GLOBAL - Transparency and liquidity risk have overtaken poor performance as the top concerns for institutional investors with hedge fund allocations, research shows.
A global survey from SEI and Greenwich Associates showed institutional investors remained committed to hedge funds despite investment scandals, market dislocations, and increased regulatory scrutiny.
It shoed 80% did not plan to change their hedge fund allocation in the next 12 month and 15% intended to increase their investment.
The report, The Era of the Investor: New Rules of Institutional Hedge Fund Investing, also found more than 70% had requested more detailed information from managers than they did a year ago.
The type of information sought ranged from counterparty and leverage exposure data to sector and position-level detail. More than 80% of the respondents reported a focus on funds' valuation methodologies.
Investors also continued to exert influence on fee structures, as nearly one in five respondents reported negotiating fee arrangements different than the standard "2 and 20" for single-manager funds and "1 and 10" for funds of hedge funds over the last year.

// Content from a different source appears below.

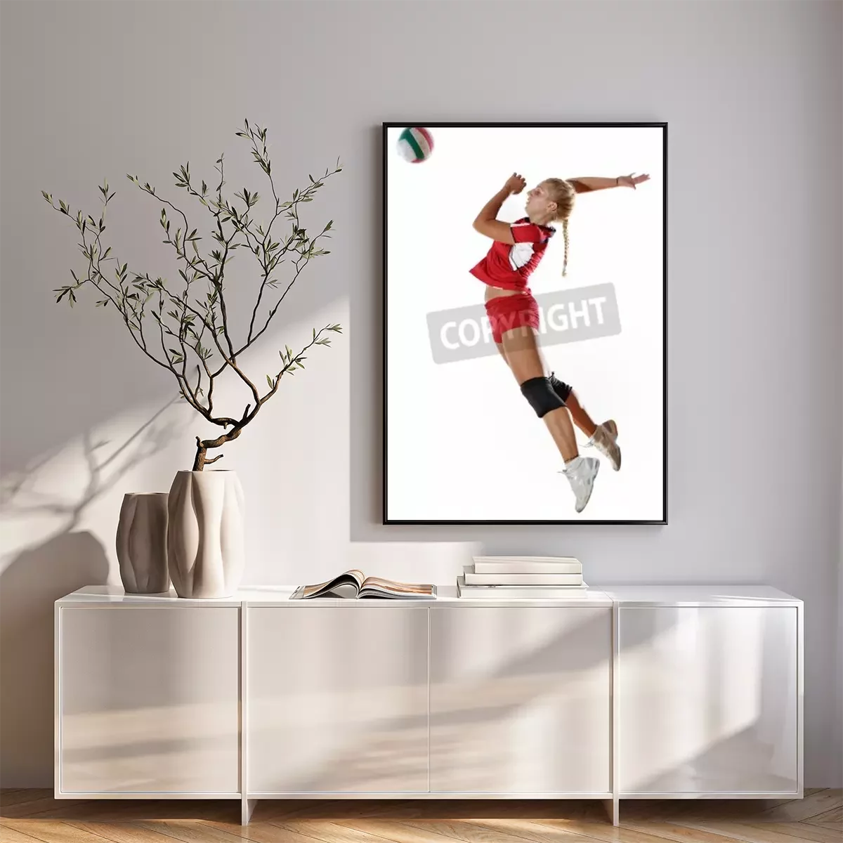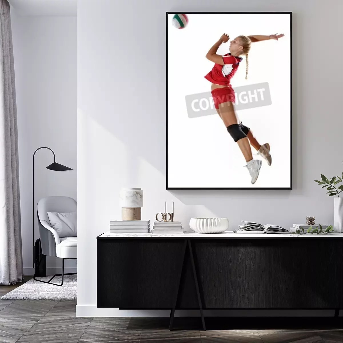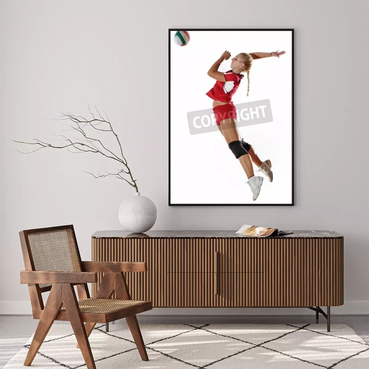 Poster: volleybal spel sport met neautoful jong meisje oslated onver witte achtergrond

SEI said the report showed the need for "hedge fund managers to institutionalise responses to transparency demands and to demonstrate clear sources of alpha to retain and gain assets among an increasingly demanding institutional investor base".
SEI investment manager services division managing director Phil Masterson said investors remain committed to hedge funds - but that commitment comes with increased expectations.
He added: "The balance of power has clearly shifted and managers must meet the growing demand for transparency and increase their focus on operational effectiveness if they want to be successful in this ‘era of the investor.'"
SEI said institutional investors were focused on a manager's ability to identify and clearly explain the alpha source from which the performance is derived. It added another critical factor in manager selection was compliance infrastructure, with nearly 50% citing it as "very important."
Independent administration and a separation of investment management and operations management roles were also identified as high-ranking factors in manager selection.
The survey revealed investors were also concerned with issues such as liquidity risk, valuation methodology, and whether performance characteristics are in line with stated strategies.